**What is expected:**
From the first line to the last, output the records exactly and drop any images.

○ ○ ○ ○ ○

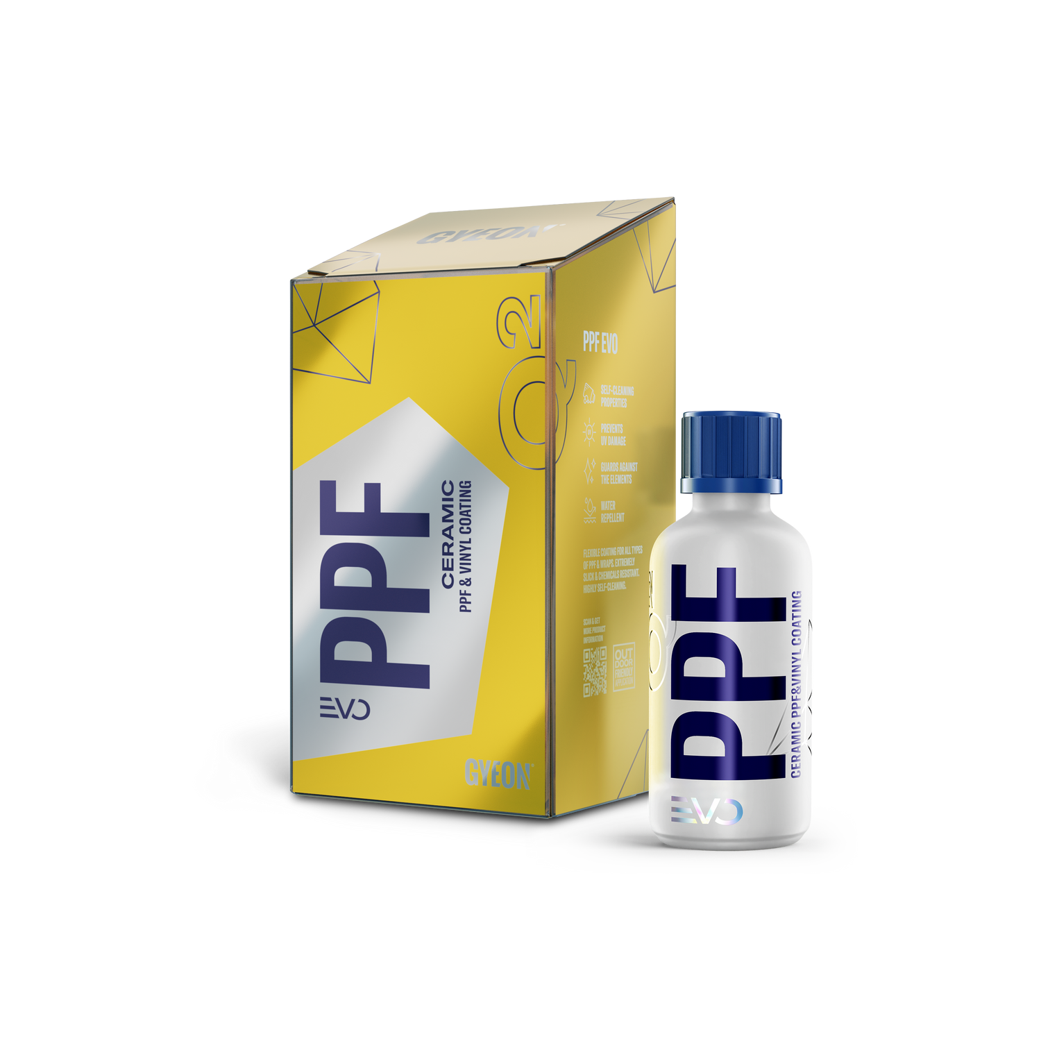 GYEON Q² PPF EVO Ceramic Coating ist eine speziell entwickelte Keramikversiegelung für Lackschutzfolie, die Transparenz und Glätte erhöht, intensive Hydrophobie erzeugt und die Pflege von glänzender sowie matter PPF langfristig erleichtert.
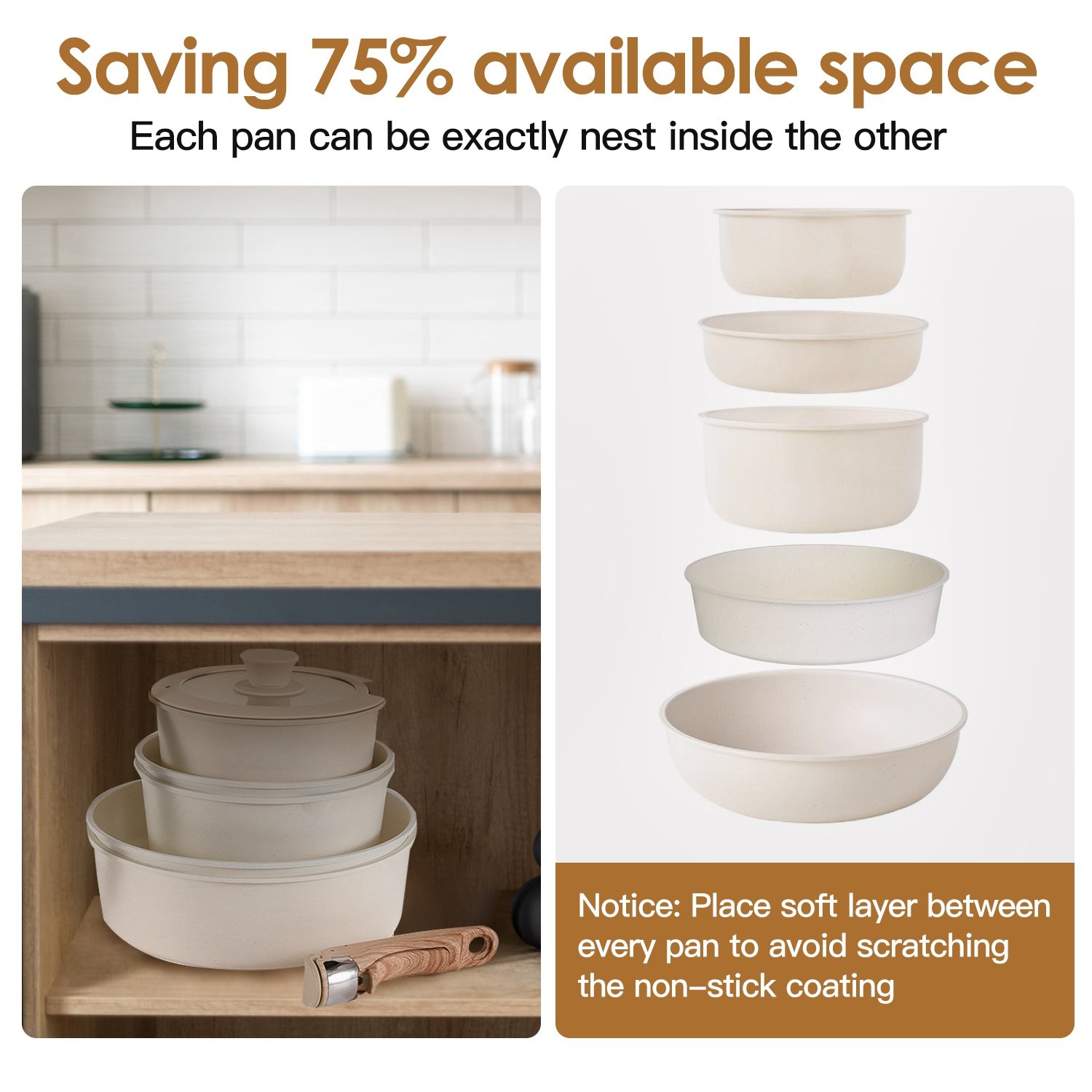 • Non-Stick Granite Coating: Advanced granite coating technology is free of toxic chemicals and effectively prevents food from sticking. Due to its excellent non-stick performance, you can use less oil to make much healthier food in your daily life. Moreover, each pan can be exactly nest inside the other, saving available space when storage. Just pay attention to place soft layer between every pan to avoid scratching the non-stick coating.
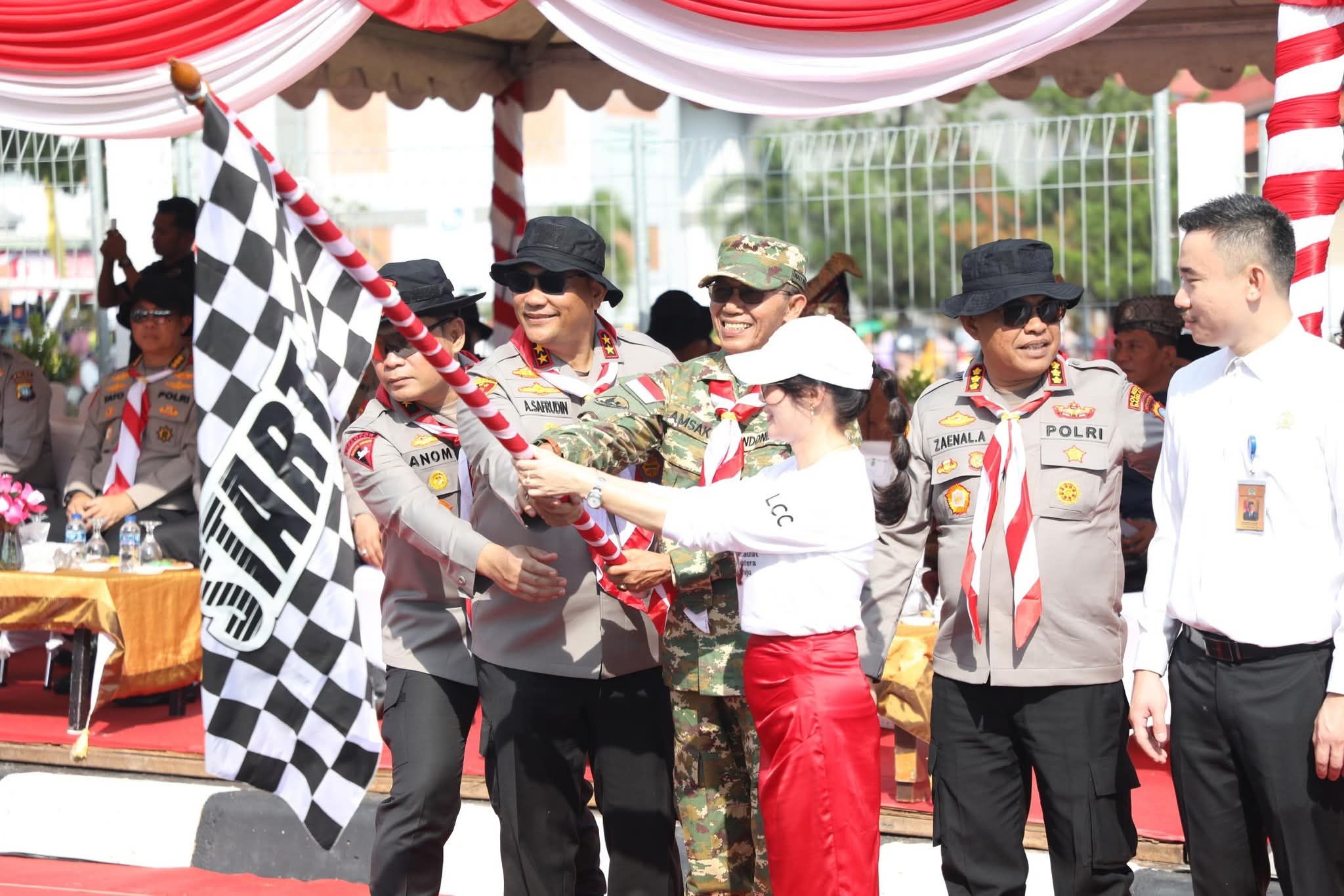 Foto : Ist – Tampak terlihat Walikota Batam Amsakar Achmad bersama Wakil Wali Kota Li Claudia Chandra saat melepas para peserta.pawai hias dan pawai budaya dengan bendera start di bawah panggung kehormatan.(foto : Ist – R/ Dok : Indralis – OpuNg)
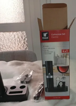 Set de sacacorchos eléctrico Thulos. - Sacacorchos eléctrico para botellas. - Cortador de papel de aluminio. - Aireador y vertedor de vino. - Tapón de vacío.
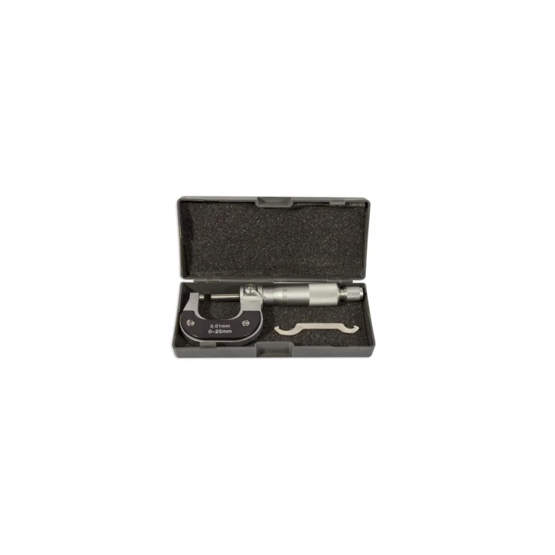 Il micrometro centesimale per esterni SOGI MIC-0-25 è uno strumento altamente professionale, ideale per officine e laboratori. Misura con precisione da 0 a 25 mm grazie alla scala centesimale, assicurando letture rapide e affidabili. Dotato di frizione, terminali cromati e contatti in metallo duro, garantisce durata e precisione costante.
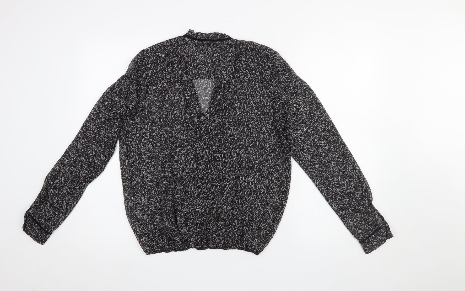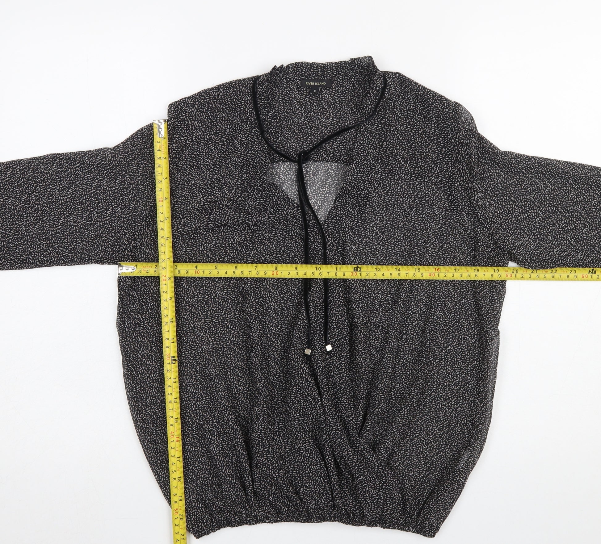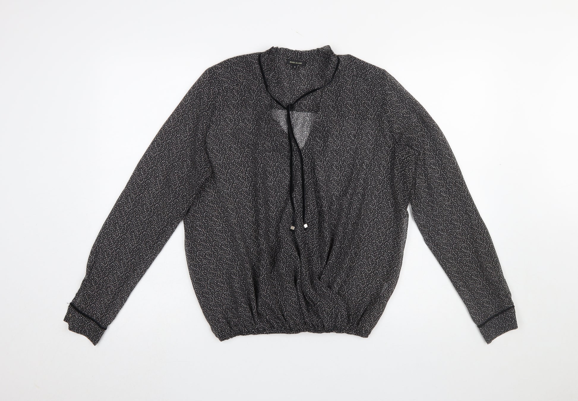 This elegant River Island women’s blouse is a perfect addition to your wardrobe, combining comfort and style effortlessly. Designed in a flattering regular fit, this tunic-style top features a sophisticated V-neckline with tie detail, adding a touch of effortless charm. The lightweight chiffon fabric, crafted from soft 100% polyester, offers a breathable and airy feel, perfect for both workwear and casual outings. Its long fitted sleeves and elasticated hem give the blouse a comfortable drape that suits many body shapes. The black base adorned with a subtle floral micro-pattern gives the blouse a refined yet versatile appearance, pairing beautifully with tailored trousers, jeans, or skirts. Ideal for the transitional seasons of spring and autumn, this blouse complements layered looks, making it suitable for both cooler mornings and warmer afternoons. Engineered for easy care, it’s machine washable and designed to retain its silky texture after every wash. This top can easily be styled for different occasions – from smart-casual office wear to evening social gatherings. The tie closure at the neckline adds a customisable touch, allowing you to wear it open for a relaxed look or tied for a polished finish. Breathable and wrinkle-resistant, it’s also a great choice for everyday wear or travel. Conditioned in excellent pre-loved state with no visible marks or damage, this top looks great and maintains its shape. River Island’s chic design aesthetic and attention to detail make it a timeless piece suitable for a modern woman’s wardrobe. Whether you aim for an elegant workday ensemble or an effortlessly classy weekend look, this blouse delivers versatility and refinement. Secure this stylish, lightweight, and easy-care River Island blouse to upgrade your collection with understated sophistication and dependable quality.
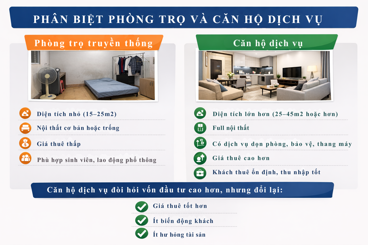 Tóm lại, phòng trọ và căn hộ dịch vụ không chỉ khác nhau ở diện tích hay giá thuê. Sự khác biệt thực sự nằm ở cách bạn định vị sản phẩm, đối tượng khách hàng bạn muốn phục vụ và chiến lược đầu tư bạn lựa chọn. Nếu hiểu rõ điều này và chuẩn bị kỹ lưỡng ngay từ đầu, bạn sẽ tránh được tình trạng đầu tư sai hướng, đồng thời tối đa hóa hiệu quả khai thác tài sản trong dài hạn.
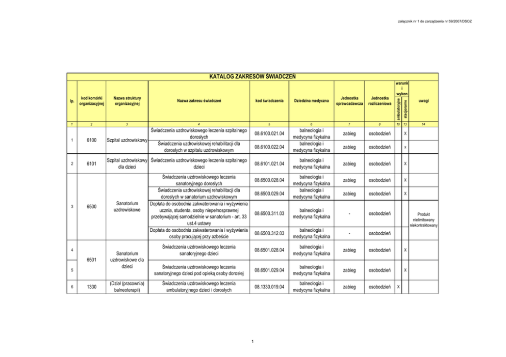 załącznik nr 1 do zarządzenia nr 59/2007/DSOZ KATALOG ZAKRESÓW ŚWIADCZEŃ Nazwa struktury organizacyjnej Nazwa zakresu świadczeń kod świadczenia 1 2 3 4 5 1 2 3 6100 6101 Szpital uzdrowiskowy Świadczenia uzdrowiskowego leczenia szpitalnego dla dzieci dzieci 6500 Świadczenia uzdrowiskowego leczenia sanatoryjnego dorosłych Świadczenia uzdrowiskowej rehabilitacji dla dorosłych w sanatorium uzdrowiskowym Dopłata do osobodnia zakwaterowania i wyżywienia ucznia, studenta, osoby niepełnosprawnej przebywającej samodzielnie w sanatorium - art. 33 ust.4 ustawy Dopłata do osobodnia zakwaterowania i wyżywienia osoby pracującej przy azbeście 4 6501 5 6 Świadczenia uzdrowiskowego leczenia szpitalnego dorosłych Szpital uzdrowiskowy Świadczenia uzdrowiskowej rehabilitacji dla dorosłych w szpitalu uzdrowiskowym 1330 Sanatorium uzdrowiskowe Sanatorium uzdrowiskowe dla dzieci (Dział (pracownia) balneoterapii) 08.6100.021.04 08.6100.022.04 08.6101.021.04 08.6500.028.04 08.6500.029.04 Dziedzina medyczna Jednostka sprawozdawcza Jednostka rozliczeniowa 6 7 8 zabieg osobodzień X zabieg osobodzień x zabieg osobodzień X zabieg osobodzień X zabieg osobodzień X balneologia i medycyna fizykalna balneologia i medycyna fizykalna balneologia i medycyna fizykalna balneologia i medycyna fizykalna balneologia i medycyna fizykalna stacjonarne kod komórki organizacyjnej ambulatoryjne lp. warunk i wykon 10 13 08.6500.311.03 balneologia i medycyna fizykalna - osobodzień 08.6500.312.03 balneologia i medycyna fizykalna - osobodzień Świadczenia uzdrowiskowego leczenia sanatoryjnego dzieci 08.6501.028.04 balneologia i medycyna fizykalna zabieg osobodzień X Świadczenia uzdrowiskowego leczenia sanatoryjnego dzieci pod opieką osoby dorosłej 08.6501.029.04 balneologia i medycyna fizykalna zabieg osobodzień X Świadczenia uzdrowiskowego leczenia ambulatoryjnego dzieci i dorosłych 08.1330.019.04 balneologia i medycyna fizykalna zabieg osobodzień 1 uwagi 14 Produkt nielimitowany niekontraktowany X

○ ○ ○ ○ ○

**Solution:**
 GYEON Q² PPF EVO Ceramic Coating ist eine speziell entwickelte Keramikversiegelung für Lackschutzfolie, die Transparenz und Glätte erhöht, intensive Hydrophobie erzeugt und die Pflege von glänzender sowie matter PPF langfristig erleichtert.
 • Non-Stick Granite Coating: Advanced granite coating technology is free of toxic chemicals and effectively prevents food from sticking. Due to its excellent non-stick performance, you can use less oil to make much healthier food in your daily life. Moreover, each pan can be exactly nest inside the other, saving available space when storage. Just pay attention to place soft layer between every pan to avoid scratching the non-stick coating.
 Foto : Ist – Tampak terlihat Walikota Batam Amsakar Achmad bersama Wakil Wali Kota Li Claudia Chandra saat melepas para peserta.pawai hias dan pawai budaya dengan bendera start di bawah panggung kehormatan.(foto : Ist – R/ Dok : Indralis – OpuNg)
 Set de sacacorchos eléctrico Thulos. - Sacacorchos eléctrico para botellas. - Cortador de papel de aluminio. - Aireador y vertedor de vino. - Tapón de vacío.
 Il micrometro centesimale per esterni SOGI MIC-0-25 è uno strumento altamente professionale, ideale per officine e laboratori. Misura con precisione da 0 a 25 mm grazie alla scala centesimale, assicurando letture rapide e affidabili. Dotato di frizione, terminali cromati e contatti in metallo duro, garantisce durata e precisione costante.
 This elegant River Island women’s blouse is a perfect addition to your wardrobe, combining comfort and style effortlessly. Designed in a flattering regular fit, this tunic-style top features a sophisticated V-neckline with tie detail, adding a touch of effortless charm. The lightweight chiffon fabric, crafted from soft 100% polyester, offers a breathable and airy feel, perfect for both workwear and casual outings. Its long fitted sleeves and elasticated hem give the blouse a comfortable drape that suits many body shapes. The black base adorned with a subtle floral micro-pattern gives the blouse a refined yet versatile appearance, pairing beautifully with tailored trousers, jeans, or skirts. Ideal for the transitional seasons of spring and autumn, this blouse complements layered looks, making it suitable for both cooler mornings and warmer afternoons. Engineered for easy care, it’s machine washable and designed to retain its silky texture after every wash. This top can easily be styled for different occasions – from smart-casual office wear to evening social gatherings. The tie closure at the neckline adds a customisable touch, allowing you to wear it open for a relaxed look or tied for a polished finish. Breathable and wrinkle-resistant, it’s also a great choice for everyday wear or travel. Conditioned in excellent pre-loved state with no visible marks or damage, this top looks great and maintains its shape. River Island’s chic design aesthetic and attention to detail make it a timeless piece suitable for a modern woman’s wardrobe. Whether you aim for an elegant workday ensemble or an effortlessly classy weekend look, this blouse delivers versatility and refinement. Secure this stylish, lightweight, and easy-care River Island blouse to upgrade your collection with understated sophistication and dependable quality.
 Tóm lại, phòng trọ và căn hộ dịch vụ không chỉ khác nhau ở diện tích hay giá thuê. Sự khác biệt thực sự nằm ở cách bạn định vị sản phẩm, đối tượng khách hàng bạn muốn phục vụ và chiến lược đầu tư bạn lựa chọn. Nếu hiểu rõ điều này và chuẩn bị kỹ lưỡng ngay từ đầu, bạn sẽ tránh được tình trạng đầu tư sai hướng, đồng thời tối đa hóa hiệu quả khai thác tài sản trong dài hạn.
 załącznik nr 1 do zarządzenia nr 59/2007/DSOZ KATALOG ZAKRESÓW ŚWIADCZEŃ Nazwa struktury organizacyjnej Nazwa zakresu świadczeń kod świadczenia 1 2 3 4 5 1 2 3 6100 6101 Szpital uzdrowiskowy Świadczenia uzdrowiskowego leczenia szpitalnego dla dzieci dzieci 6500 Świadczenia uzdrowiskowego leczenia sanatoryjnego dorosłych Świadczenia uzdrowiskowej rehabilitacji dla dorosłych w sanatorium uzdrowiskowym Dopłata do osobodnia zakwaterowania i wyżywienia ucznia, studenta, osoby niepełnosprawnej przebywającej samodzielnie w sanatorium - art. 33 ust.4 ustawy Dopłata do osobodnia zakwaterowania i wyżywienia osoby pracującej przy azbeście 4 6501 5 6 Świadczenia uzdrowiskowego leczenia szpitalnego dorosłych Szpital uzdrowiskowy Świadczenia uzdrowiskowej rehabilitacji dla dorosłych w szpitalu uzdrowiskowym 1330 Sanatorium uzdrowiskowe Sanatorium uzdrowiskowe dla dzieci (Dział (pracownia) balneoterapii) 08.6100.021.04 08.6100.022.04 08.6101.021.04 08.6500.028.04 08.6500.029.04 Dziedzina medyczna Jednostka sprawozdawcza Jednostka rozliczeniowa 6 7 8 zabieg osobodzień X zabieg osobodzień x zabieg osobodzień X zabieg osobodzień X zabieg osobodzień X balneologia i medycyna fizykalna balneologia i medycyna fizykalna balneologia i medycyna fizykalna balneologia i medycyna fizykalna balneologia i medycyna fizykalna stacjonarne kod komórki organizacyjnej ambulatoryjne lp. warunk i wykon 10 13 08.6500.311.03 balneologia i medycyna fizykalna - osobodzień 08.6500.312.03 balneologia i medycyna fizykalna - osobodzień Świadczenia uzdrowiskowego leczenia sanatoryjnego dzieci 08.6501.028.04 balneologia i medycyna fizykalna zabieg osobodzień X Świadczenia uzdrowiskowego leczenia sanatoryjnego dzieci pod opieką osoby dorosłej 08.6501.029.04 balneologia i medycyna fizykalna zabieg osobodzień X Świadczenia uzdrowiskowego leczenia ambulatoryjnego dzieci i dorosłych 08.1330.019.04 balneologia i medycyna fizykalna zabieg osobodzień 1 uwagi 14 Produkt nielimitowany niekontraktowany X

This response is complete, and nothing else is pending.